When did you start seeing changes, physically, after switching to a raw diet(If you switched from kibble)? Did you see any changes mentally too? If so, when?

I just started a raw diet for my dog and can't wait to see some changes!


----------



## Kev (Sep 11, 2011)

I don't feed a raw diet yet but recently I gave started giving them rec bones and there teeth are a lot cleaner. The very back is hard to get rid of though!


----------



## mynameisblc (May 8, 2012)

Need... More... Comments... Soon...


----------



## mycobraracr (Dec 4, 2011)

mynameisblc said:


> Need... More... Comments... Soon...


Oh more comments, why didn't you just say so. Within a week I noticed a higher and more consistant energy level and smaller amounts of poo. Within a month she had nice shiny and softer fur, and was putting on weight. I could not get any weight on her with kibble. That's all I can think of at the moment.


----------



## fuzzybunny (Apr 29, 2011)

Within 24 hours I noticed better poop.


----------



## mynameisblc (May 8, 2012)

Oh yeah... Can't forget about the ! Less of it and more weirder shaped.


----------



## Lauri & The Gang (Jun 28, 2001)

Here's Sadie - an ancient Husky mix I adopted years ago.
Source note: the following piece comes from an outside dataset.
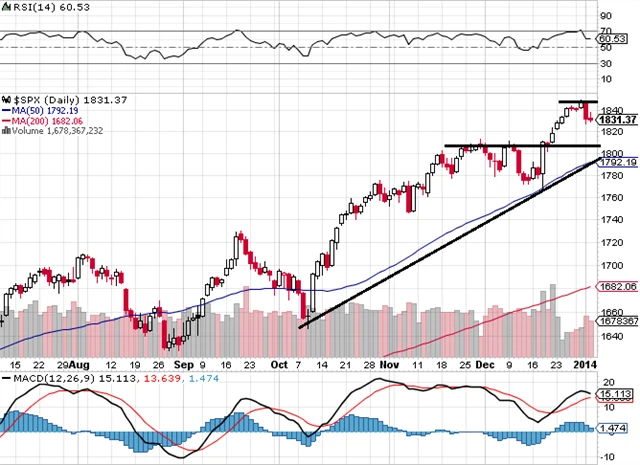Index S&P 500 zakončil rok 2013 tradičním růstem. Na druhou stranu ale první obchodní den roku 2014 přinesl poměrně netradičně pokles o 0,9 %. Situace na trhu je podobná jako před týdnem – dokud se index bude obchodovat nad 1 810 body, graf zůstane v býčím nastavení.

This was the picture on the rescue website:










She had been dumped in a drop box in some southern state and an Illinois rescue pulled her.
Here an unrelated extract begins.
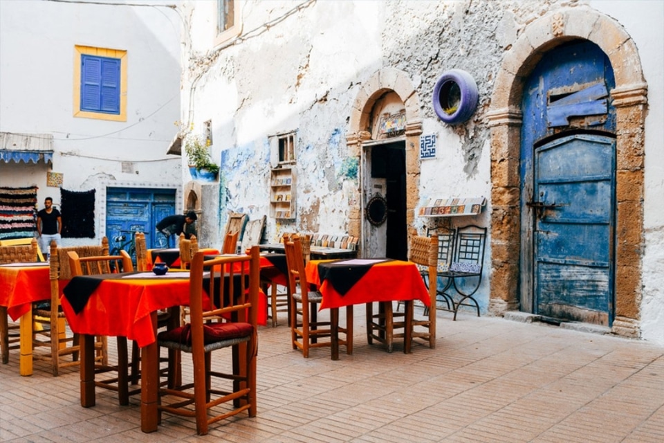 Essaouira, l’ancien Mogador, séduit par sa tranquillité, sa lumière unique et son climat tempéré. À environ 160 km de Marrakech, la route traverse les paysages d’arganiers où l’on observe parfois des chèvres perchées dans les arbres. Sur place, vous pouvez visiter une coopérative féminine d’huile d’argan, puis explorer le port de pêche et sa Skala avant de profiter librement de la médina, des souks, des ateliers de sculpture sur bois de cèdre et de la plage.

This was her first day home with us:










Then TWO DAYS later - You can see how much hair was starting to regrow around her eyes:











And then just 24 days later:











Her legs the day she came home:










Her legs 24 days later:











Sadie the day we got her:











And this was Sadie just *FOUR MONTHS* later:


----------



## mycobraracr (Dec 4, 2011)

Lauri & The Gang said:


> Here's Sadie - an ancient Husky mix I adopted years ago.
> 
> This was the picture on the rescue website:
> 
> ...


WOW! She doesn't even look like the same dog.


----------



## Bear L (Feb 9, 2012)

My pekingese was on premium kibble his first year. Lots of health issues. After feeding raw for a day, I noticed firmer and less poop, picky eater now eats when food is given (I used to leave kibbles out all day and he'd nibble a little before he sleeps). After one year of raw feeding with detox symptoms he became 100% allergy free (no more constant scratching / licking his skin raw) and free of all prior health issues. Saved me so much vet bills and time. My GSD puppy is on raw with me right away but the previous owner fed kibble. First few days the GSD had loose stools but not anymore after being on raw. Mentally... she'll do anything for her meals, great training tool. NOTHING distracts her when she's about to get her meal.


----------



## mynameisblc (May 8, 2012)

I am hoping that constant scratching will stop for my dog too!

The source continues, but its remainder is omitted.